If you're able to, a trip to the Rome Temple is also well worth it, especially because Rome itself has played such an essential role in the history of Christianity. Even if you're not a member of the Church of Jesus Christ and/or can't go inside of the temple, the Visitors' Center is home to many unique and stunning art pieces that you won't find anywhere else! Here's all you need to know to make this trip happen. 

A Brief History Of The Temple In Italy

The Church of Jesus Christ has been in Italy since the mid 1800s, but it wasn't until 2009 that it received official recognition from the Italian government. This entire process was quite extensive and may not have even happened if an Italian government official hadn't taken a trip to Salt Lake City, Utah. There he met two Italian sister missionaries who gave him a guided tour of Temple Square. The experience left a deep impression on him, and he expressed the desire to have a temple also built in Rome. This legal recognition of the Church from a charitable foundation to an official religion, meant the Church could build a temple!

The groundbreaking ceremony occurred in October 2010, with President Thomas S. Monson presiding. Construction slowed down due to several complications, including the heavy examination for Roman ruins that had to be conducted before construction could even begin. That inspection meant digging ditches every 10-15 feet across the property. No ruins were found over the entire property, yet an old Roman village was discovered just 100 yards beyond the property line. The temple was eventually completed and dedicated in March 2019!


How To Get There

Before you start your trip to the temple, call ahead of time to make sure the Rome Temple and Visitors' Center are open and not closed for maintenance and deep cleaning, since this happens a couple of times every year. It is usually open from Monday-Sunday from 9 am to 9 pm. 

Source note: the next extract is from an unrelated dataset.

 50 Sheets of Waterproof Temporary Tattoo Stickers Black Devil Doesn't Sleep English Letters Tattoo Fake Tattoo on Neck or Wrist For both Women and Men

The temple is located a bit outside of the main city, and it takes about one hour to reach it on public transport since there is no direct route.  When in Rome, I used the Moovit App to get directions for pretty much everywhere we went. This will give you the most updated and helpful information for getting to the temple from anywhere in Rome. 

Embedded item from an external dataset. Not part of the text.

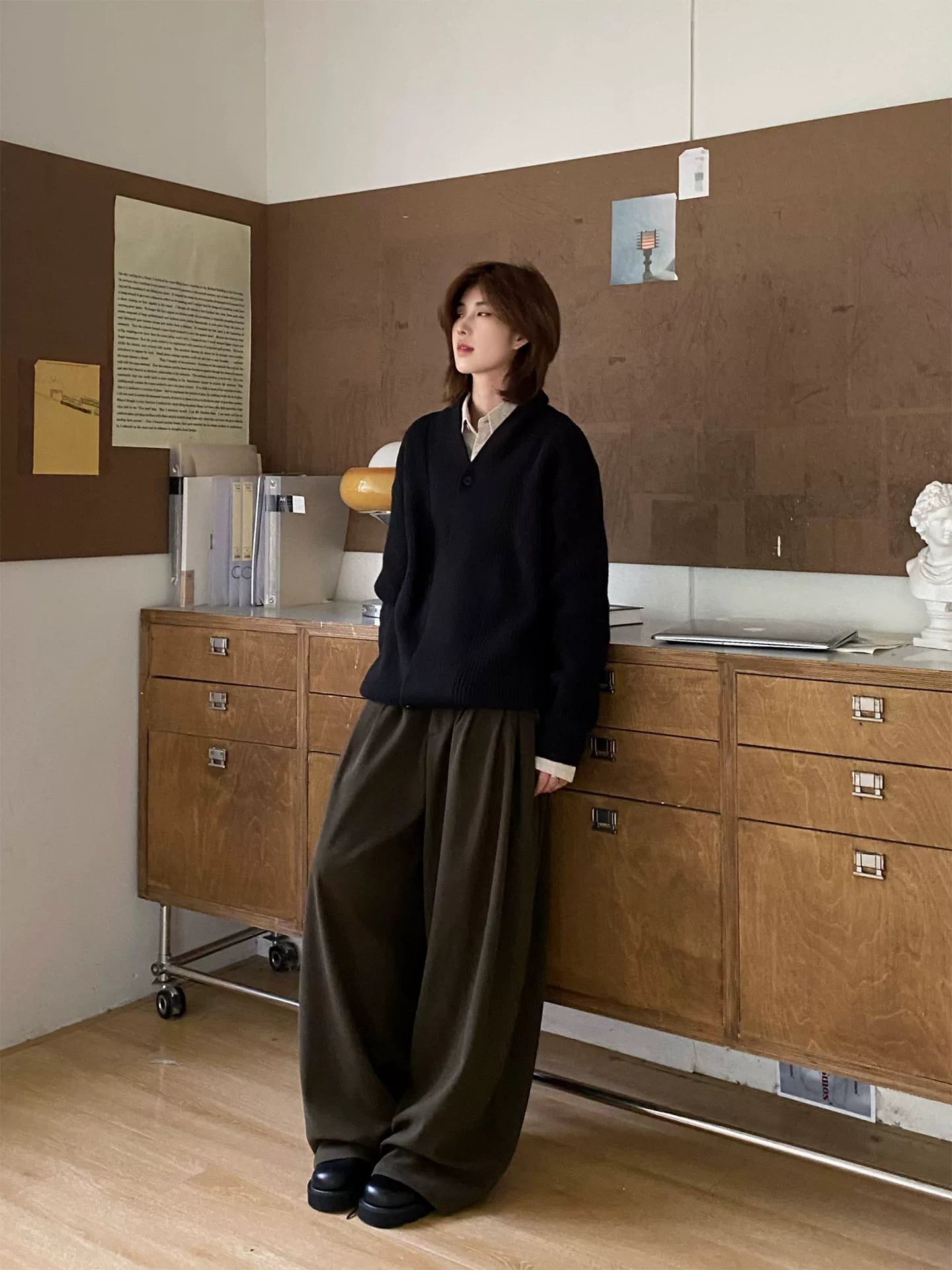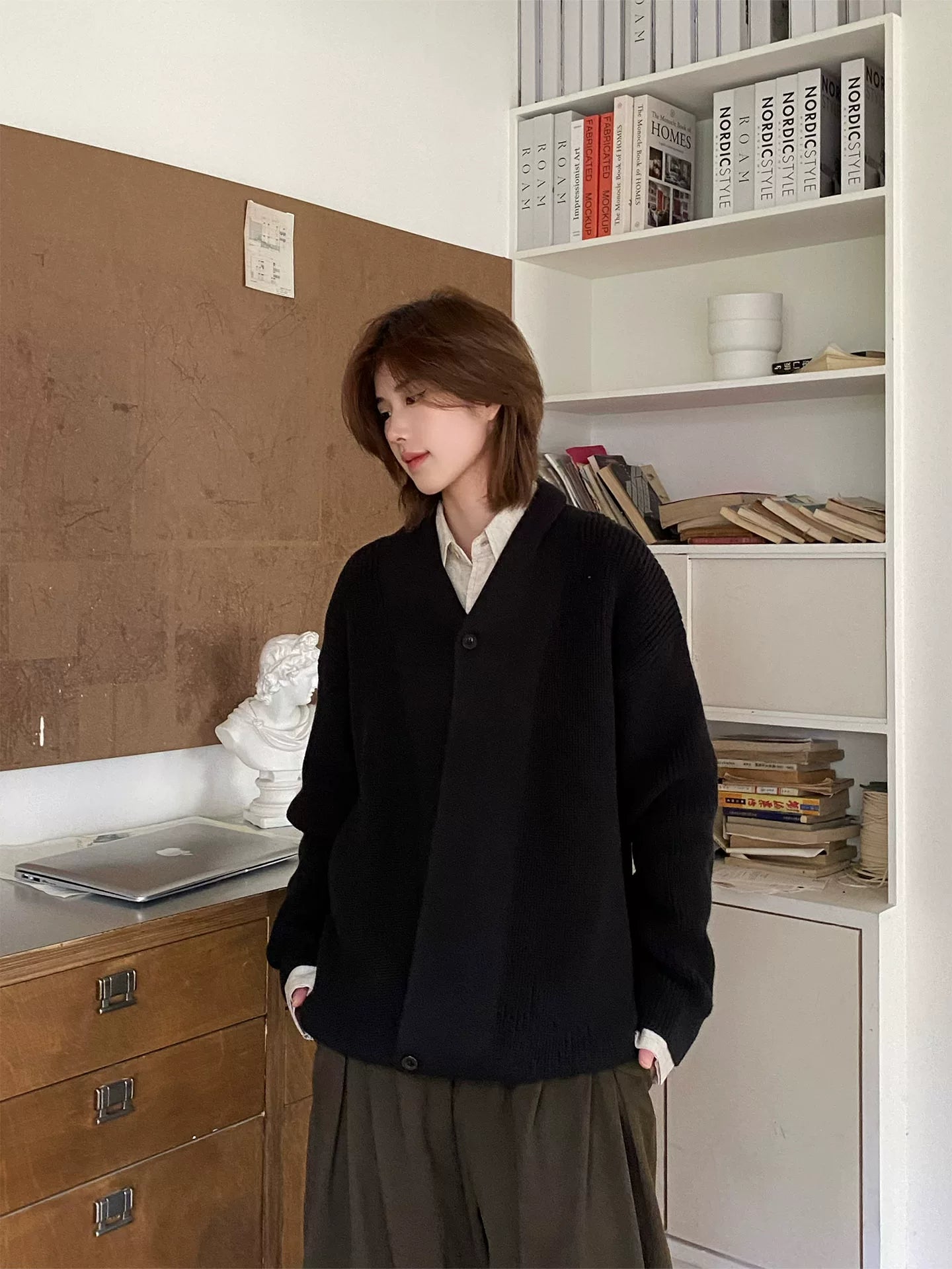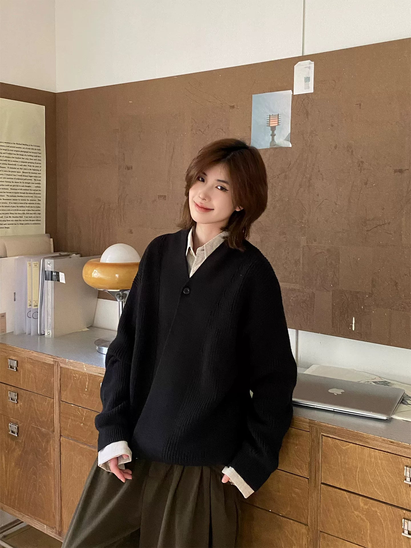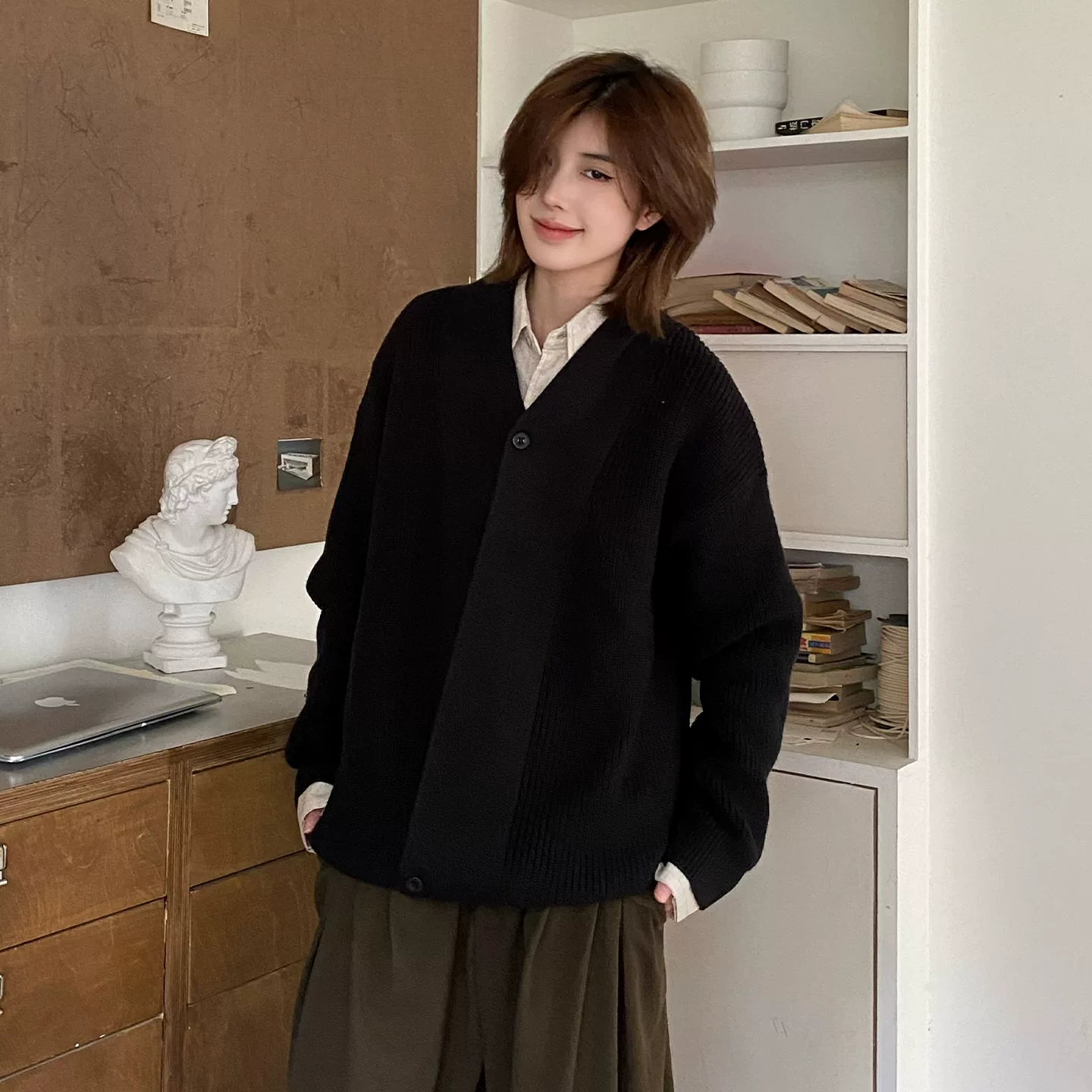【Oneblue shop】ショールカラー オーバーサイズ ニットカーディガン / ビッグシルエット ルーズカーデ LS2601071

Here are some very helpful instructions that we found on Trip Advisor:

"Take the B line subway toward Junio. Exit at Conca D'Oro and catch bus 86. Double check the bus you are getting on and make sure it is not going the direction of the "end of the line". (You can use your subway ticket on the bus) Once on the bus you will travel along a street named Bufalotta. There are many stops on this street, but you will stay on the bus for quite a while. At any of the stops, along the Bufalotta street, look to see if bus 338 stops there. (yellow signs at each stop will list the bus number that stops there.) Exit the bus 86 and get on the bus 338. (use the same bus ticket) This bus will take you direct to the Temple. If you get to the IKEA store you have gone too far. If you stay on bus 86 you should exit at the Q4 gas station on your right and then walk along street Settebagni to the temple. Bus 338 also runs along this street. The Temple address is Via D' Settebagni 376 Rome Italy 00139 Reverse this routing to return to the center of Rome."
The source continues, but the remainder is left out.